Bragg was knighted in 1941. As of 2021, he is the youngest ever Nobel laureate in physics, having received the award at the age of 25 years. Bragg was the director of the Cavendish Laboratory, Cambridge, when the discovery of the structure of DNA was reported by James D. Watson and Francis Crick in February 1953.
The composition of X-rays was unknown, his father argued that X-rays are streams of particles, others argued that they are waves. Max von Laue directed an X-ray beam at a crystal in front of a photographic plate; alongside of the spot where the beam struck there were additional spots from deflected rays – hence X-rays are waves. In 1912, as a first-year research student at Cambridge, W. L. Bragg, while strolling by the river, had the insight that crystals made from parallel sheets of atoms would not diffract X-ray beams that struck their surface at most angles because X-rays deflected by collisions with atoms would be out of phase, cancelling one another out. However, when the X-ray beam stuck at an angle at which the distances it passed between atomic sheets in the crystal equalled the X-ray's wavelength then those deflected would be in phase and produce a spot on a nearby film. From this insight he wrote the simple Bragg equation that relates the wavelength of the X-ray and the distance between atomic sheets in a simple crystal to the angles at which an impinging X-ray beam would be reflected.
His father built an apparatus in which a crystal could be rotated to precise angles while measuring the energy of reflections. This enabled father and son to measure the distances between the atomic sheets in a number of simple crystals.

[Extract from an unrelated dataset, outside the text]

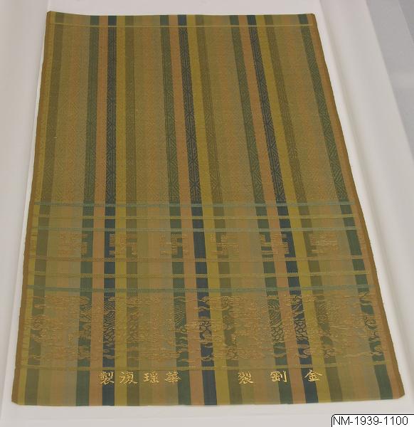 • Textilprov med motiv av ränder och svastikor. Längst ned tecken i guld. Inlagt i silkepapper och kartong. Rekonstruktion/återskapande av äldre textil-”tradition”, 1900-tal, Japan./PH

They calculated the spacing of the atoms from the weight of the crystal and the Avogadro constant, which enabled them to measure the wavelengths of the X-rays produced by different metallic targets in the X-ray tubes. W. H. Bragg reported their results at meetings and in a paper, giving credit to "his son" (unnamed) for the equation, but not as a co-author, which gave his son "some heartaches", which he never overcame.

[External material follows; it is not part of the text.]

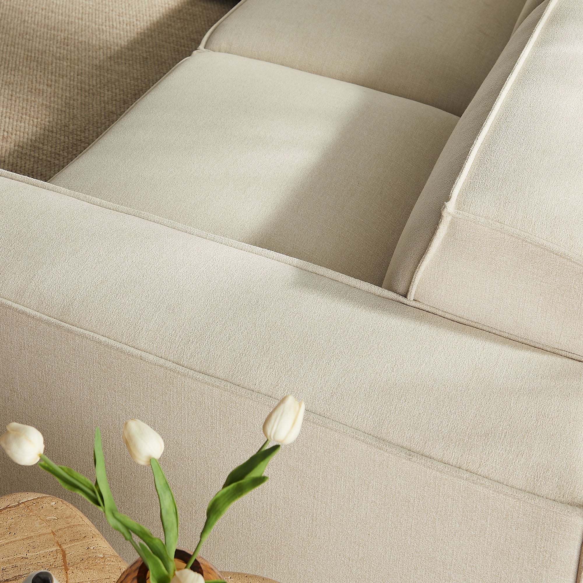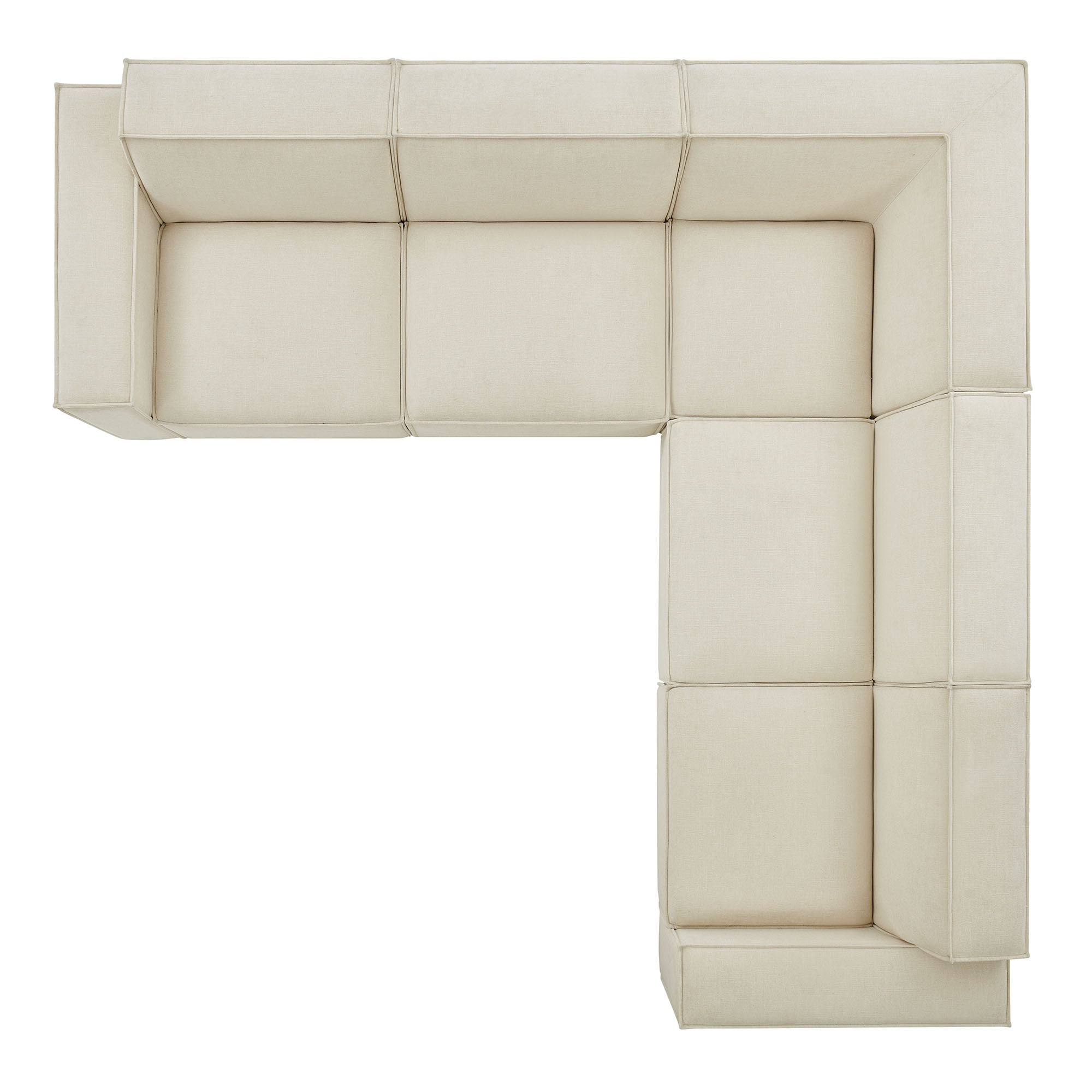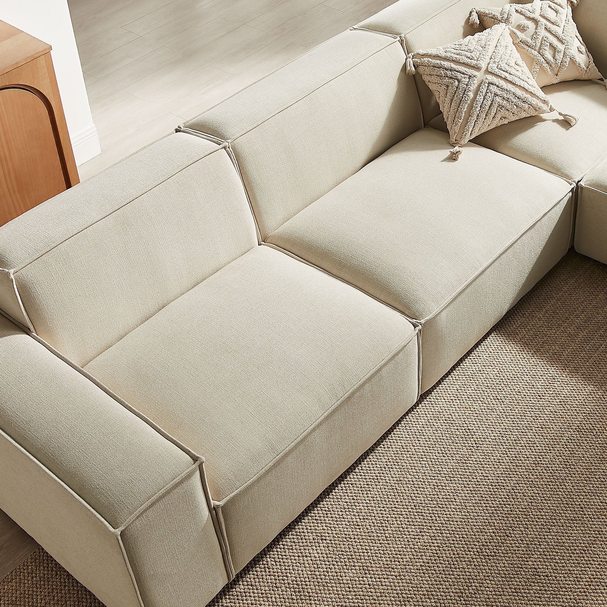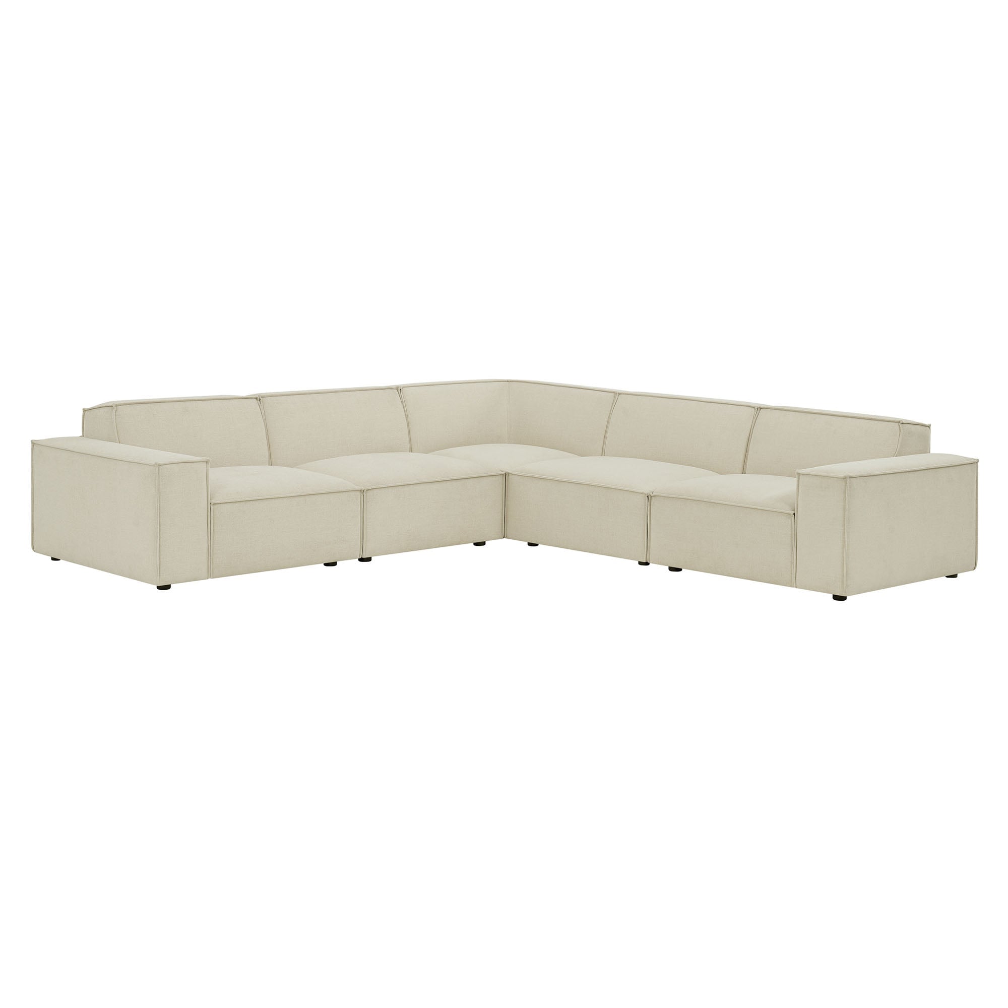 Create your custom living room and lounge area with the Restore Upholstered Fabric 5-Piece Sectional Sofa. The Restore Sectional Couch brings minimalist appeal with a crisp silhouette, broad lines, and French piping details wrapped in soft fabric upholstery. Featuring a high-performance upholstery fabric designed to repel water-based spills and stains—most messes blot away easily with a clean cloth. For stubborn residue, spray with a diluted dish soap solution and blot clean. Dense foam padding and a pocket coil spring system in each seat offer a comfortable, supportive feel for everyday lounging. Designed to form an L-shaped layout, this modular set includes one left-facing armless chair, one right-facing armless chair, two armless chairs, and one corner chair. Built-in connectors allow the pieces to stay securely in place and make it easy to expand over time with other Restore pieces. Built on a sturdy wood-blend frame with non-marking foot caps to help protect floors.

Bragg was commissioned early in World War I in the Royal Horse Artillery as a second lieutenantof the Leicestershire battery.  In 1915 he was seconded to the Royal Engineers to develop a method to localise enemy artillery from the boom of their firing.  On 2 September 1915 his brother was killed during the Gallipoli Campaign. Shortly afterwards, he and his father were awarded the Nobel Prize in Physics. He was 25 years old and remains the youngest science laureate. The problem with sound ranging was that the heavy guns boomed at too low a frequency to be detected by a microphone. After months of frustrating failure he and his group devised a hot wire air wave detector that solved the problem. In this work he was aided by Charles Galton Darwin, William Sansome Tucker, Harold Roper Robinson, Edward Andrade and Henry Harold Hemming. British sound ranging was very effective; there was a unit in every British Army and their system was adopted by the Americans when they entered the war. For his work during the war he was awarded the Military Cross and appointed Officer of the Order of the British Empire. He was also Mentioned in Despatches on 16 June 1916, 4 January 1917 and 7 July 1919.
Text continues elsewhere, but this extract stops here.